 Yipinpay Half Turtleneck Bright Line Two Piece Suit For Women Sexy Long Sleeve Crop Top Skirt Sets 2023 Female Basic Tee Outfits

---

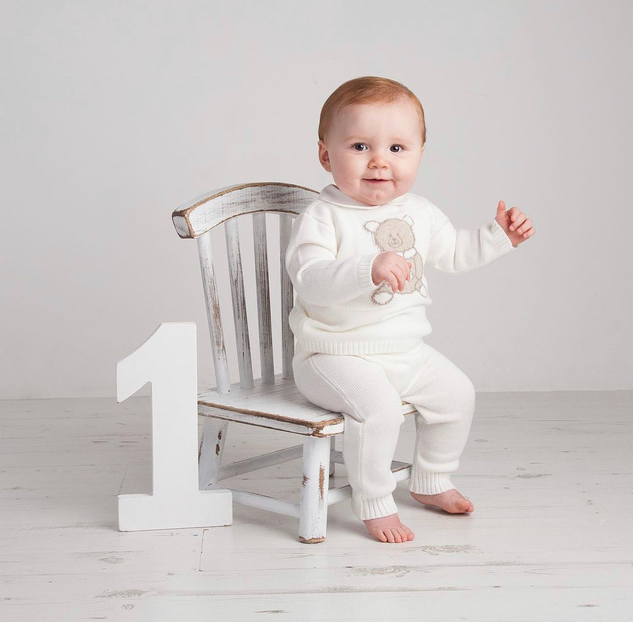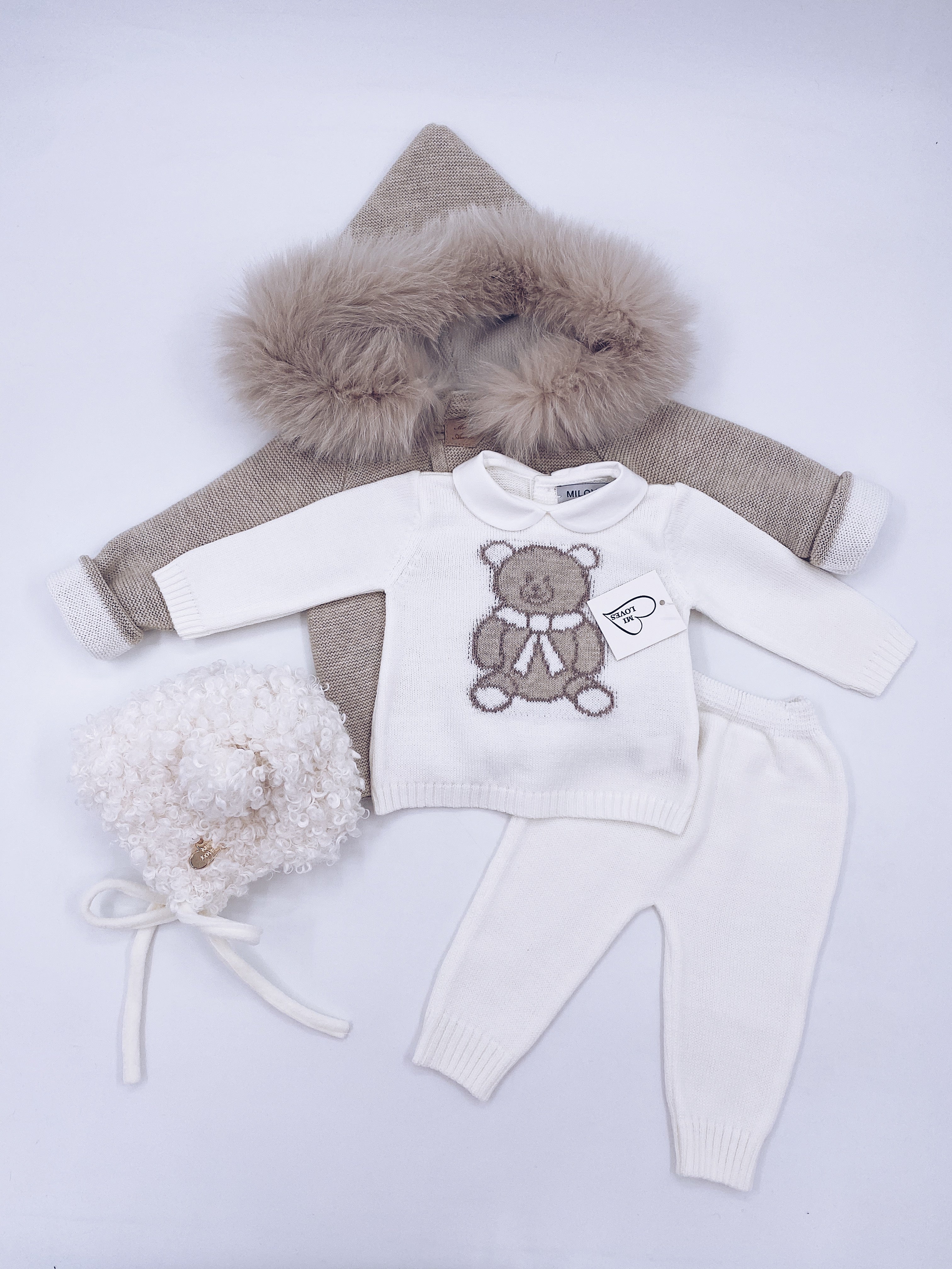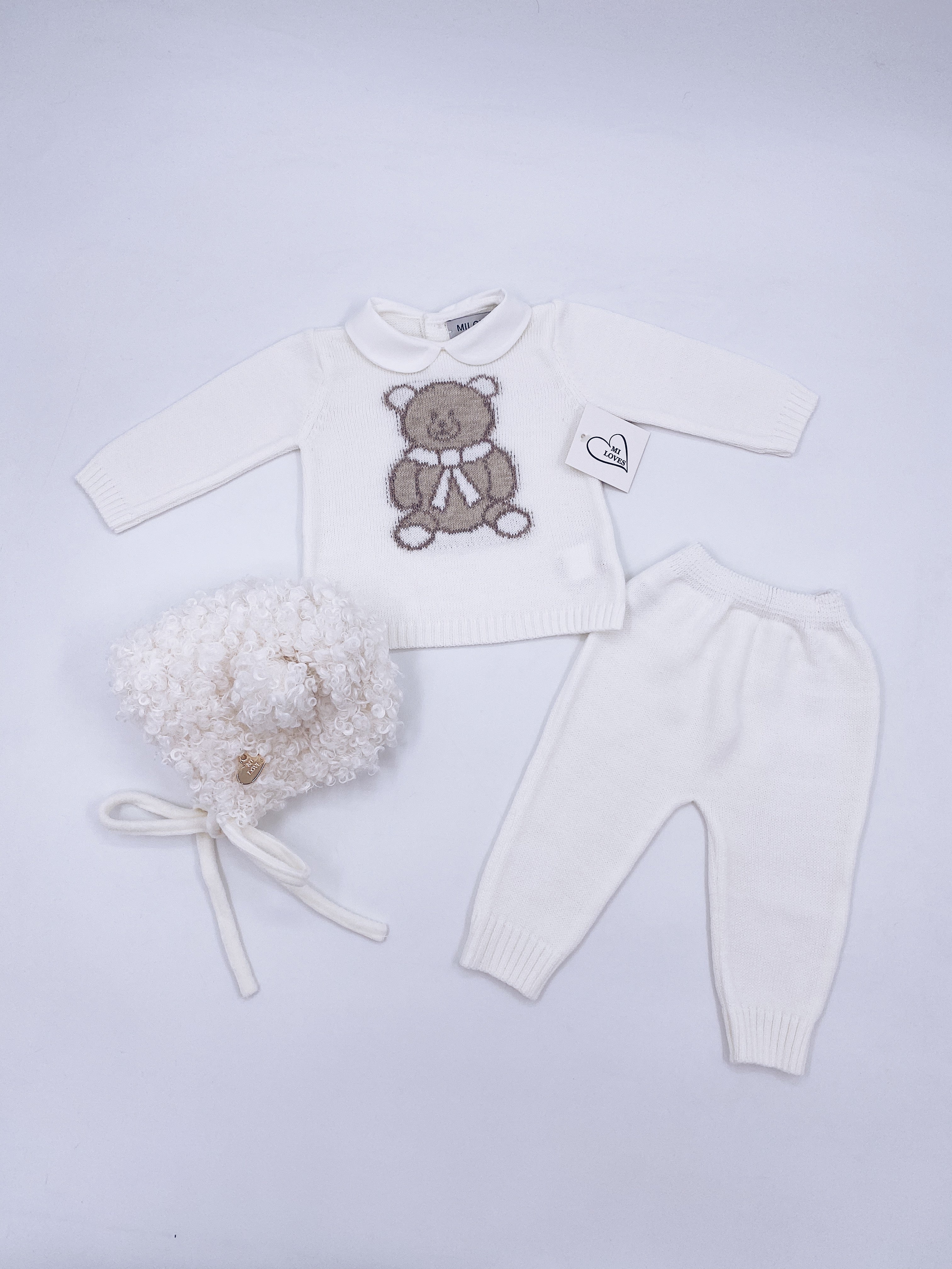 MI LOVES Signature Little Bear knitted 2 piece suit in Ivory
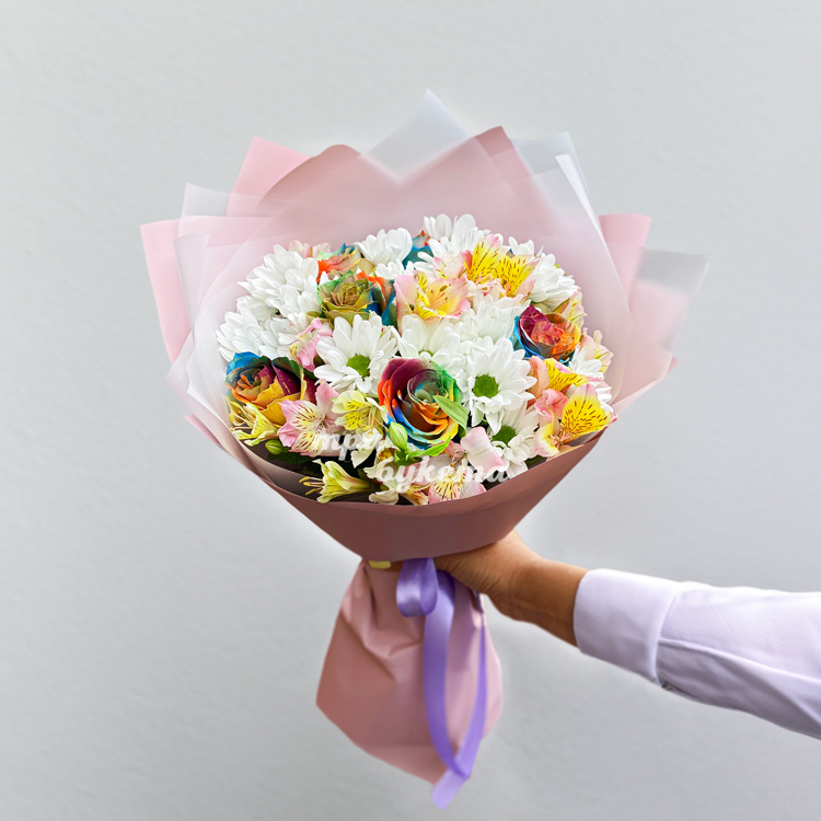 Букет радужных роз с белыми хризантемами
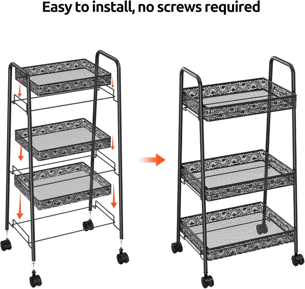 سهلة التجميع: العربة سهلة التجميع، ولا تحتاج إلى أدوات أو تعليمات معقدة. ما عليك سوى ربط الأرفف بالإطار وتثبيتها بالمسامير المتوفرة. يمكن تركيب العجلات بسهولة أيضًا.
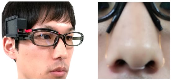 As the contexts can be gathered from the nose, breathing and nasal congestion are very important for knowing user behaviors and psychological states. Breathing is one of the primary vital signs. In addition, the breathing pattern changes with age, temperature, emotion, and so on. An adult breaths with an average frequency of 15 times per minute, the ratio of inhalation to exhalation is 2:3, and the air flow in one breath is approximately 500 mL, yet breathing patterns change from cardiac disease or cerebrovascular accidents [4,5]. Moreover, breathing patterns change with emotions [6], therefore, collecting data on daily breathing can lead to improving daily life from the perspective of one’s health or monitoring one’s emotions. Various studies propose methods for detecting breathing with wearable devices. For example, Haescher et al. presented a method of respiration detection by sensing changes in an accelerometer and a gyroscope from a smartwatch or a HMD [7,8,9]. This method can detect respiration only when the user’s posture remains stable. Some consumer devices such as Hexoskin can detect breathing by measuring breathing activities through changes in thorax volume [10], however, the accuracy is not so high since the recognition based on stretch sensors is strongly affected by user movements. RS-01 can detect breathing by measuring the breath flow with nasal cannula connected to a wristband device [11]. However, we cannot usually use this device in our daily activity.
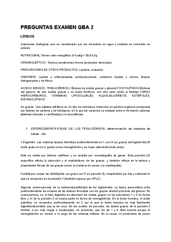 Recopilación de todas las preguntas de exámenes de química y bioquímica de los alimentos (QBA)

### What to produce
Exact copy, pictures excluded: from the line with "Букет радужных роз с белыми хризантемами" up to and including the line with "سهلة التجميع: العربة" in the data above.

### Answer to the exercise
 Букет радужных роз с белыми хризантемами
 سهلة التجميع: العربة سهلة التجميع، ولا تحتاج إلى أدوات أو تعليمات معقدة. ما عليك سوى ربط الأرفف بالإطار وتثبيتها بالمسامير المتوفرة. يمكن تركيب العجلات بسهولة أيضًا.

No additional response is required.